• **DATA TO PROCESS**
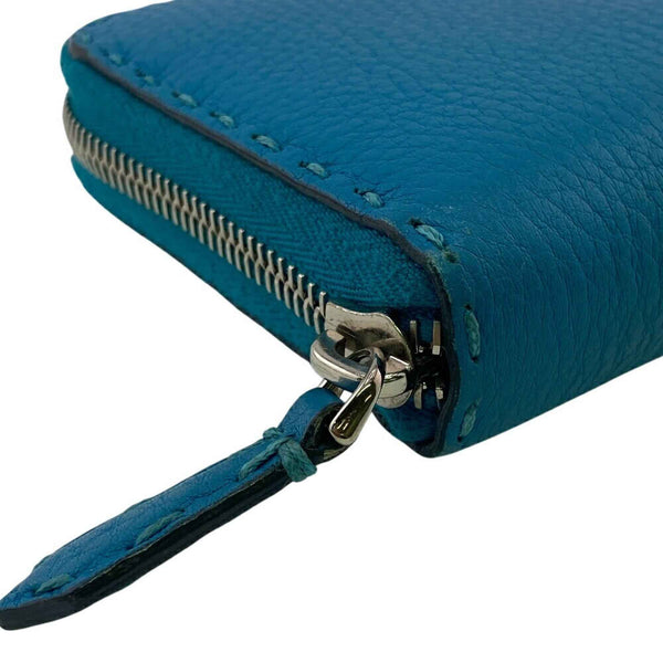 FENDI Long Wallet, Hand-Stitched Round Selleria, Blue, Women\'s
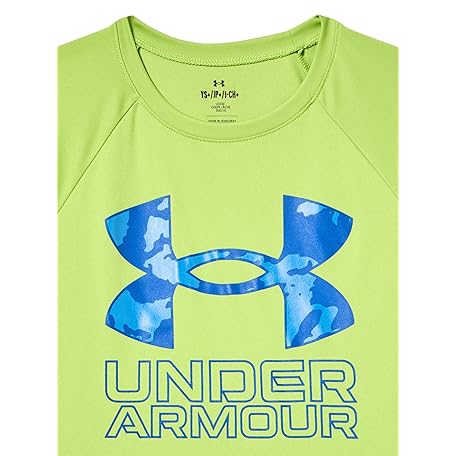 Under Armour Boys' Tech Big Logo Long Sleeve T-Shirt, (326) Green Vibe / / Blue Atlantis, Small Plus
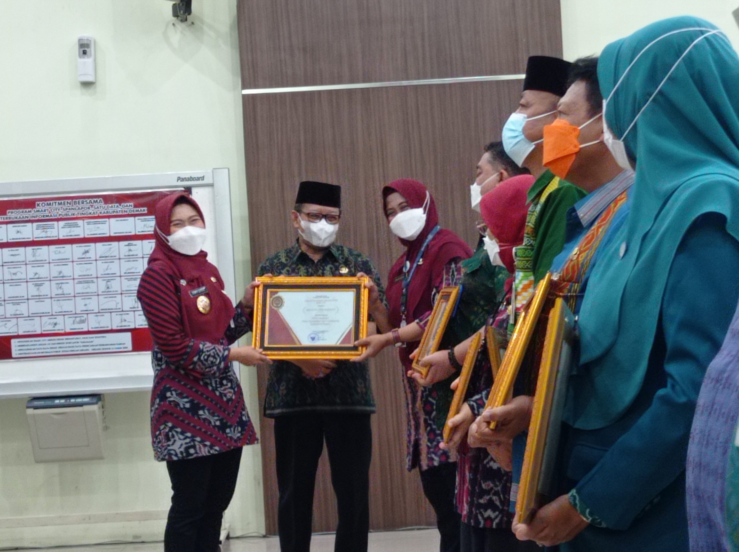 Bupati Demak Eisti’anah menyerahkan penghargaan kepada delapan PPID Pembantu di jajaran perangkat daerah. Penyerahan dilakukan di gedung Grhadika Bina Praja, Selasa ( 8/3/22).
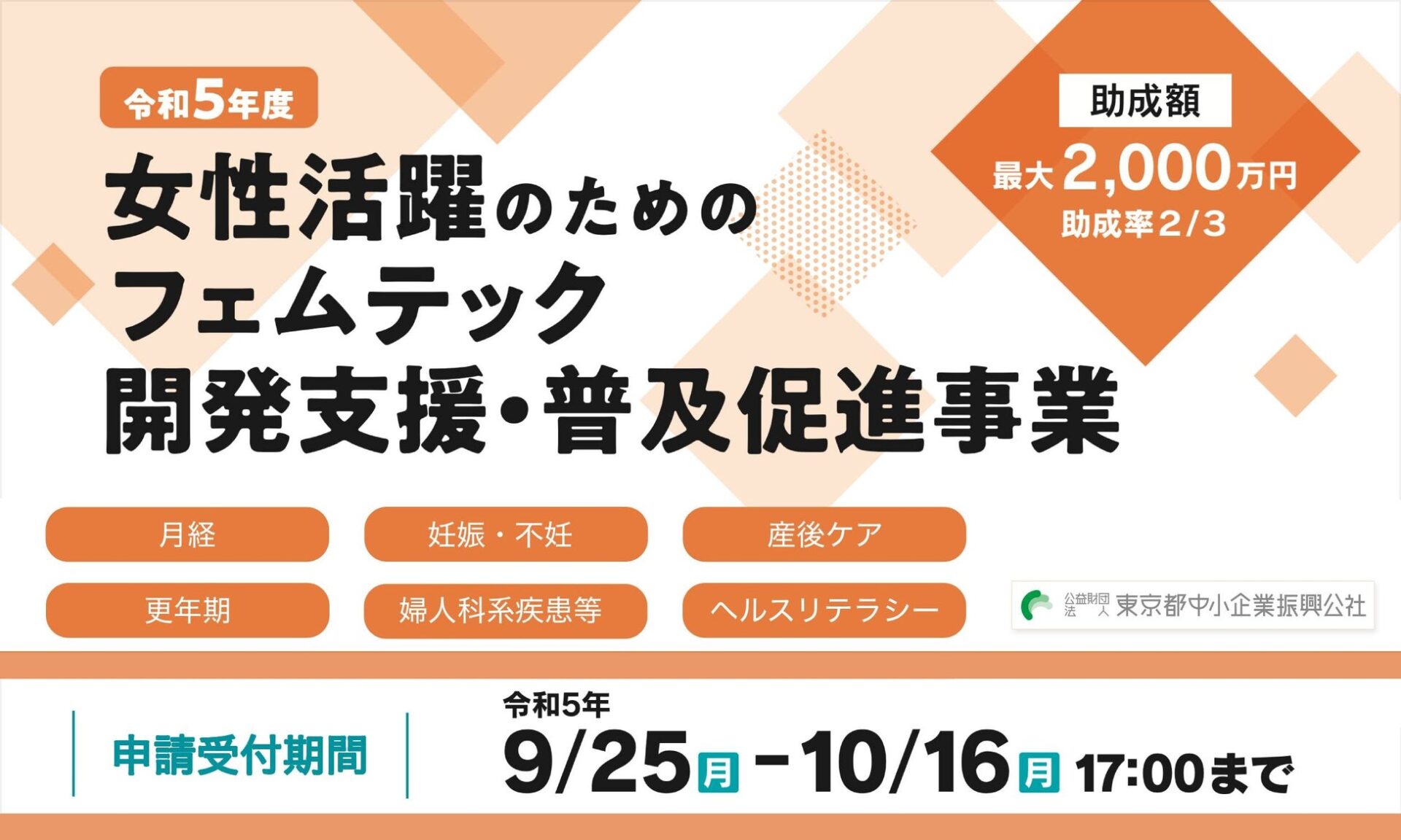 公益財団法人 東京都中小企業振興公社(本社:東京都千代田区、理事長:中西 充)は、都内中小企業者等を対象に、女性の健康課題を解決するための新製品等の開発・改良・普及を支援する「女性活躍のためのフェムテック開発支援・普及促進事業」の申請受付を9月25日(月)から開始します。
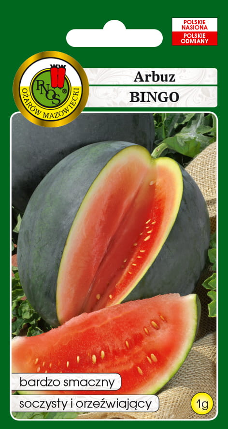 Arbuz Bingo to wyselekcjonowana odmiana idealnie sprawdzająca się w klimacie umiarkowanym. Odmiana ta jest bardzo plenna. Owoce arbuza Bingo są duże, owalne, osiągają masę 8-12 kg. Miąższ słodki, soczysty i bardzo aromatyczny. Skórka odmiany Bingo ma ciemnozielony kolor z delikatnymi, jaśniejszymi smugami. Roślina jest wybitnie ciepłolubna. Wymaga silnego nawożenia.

• **WORK ORDER**
Leaving the pictures out, transcribe the entries above exactly as written.

• **EXERCISE RESULT**
 FENDI Long Wallet, Hand-Stitched Round Selleria, Blue, Women\'s
 Under Armour Boys' Tech Big Logo Long Sleeve T-Shirt, (326) Green Vibe / / Blue Atlantis, Small Plus
 Bupati Demak Eisti’anah menyerahkan penghargaan kepada delapan PPID Pembantu di jajaran perangkat daerah. Penyerahan dilakukan di gedung Grhadika Bina Praja, Selasa ( 8/3/22).
 公益財団法人 東京都中小企業振興公社(本社:東京都千代田区、理事長:中西 充)は、都内中小企業者等を対象に、女性の健康課題を解決するための新製品等の開発・改良・普及を支援する「女性活躍のためのフェムテック開発支援・普及促進事業」の申請受付を9月25日(月)から開始します。
 Arbuz Bingo to wyselekcjonowana odmiana idealnie sprawdzająca się w klimacie umiarkowanym. Odmiana ta jest bardzo plenna. Owoce arbuza Bingo są duże, owalne, osiągają masę 8-12 kg. Miąższ słodki, soczysty i bardzo aromatyczny. Skórka odmiany Bingo ma ciemnozielony kolor z delikatnymi, jaśniejszymi smugami. Roślina jest wybitnie ciepłolubna. Wymaga silnego nawożenia.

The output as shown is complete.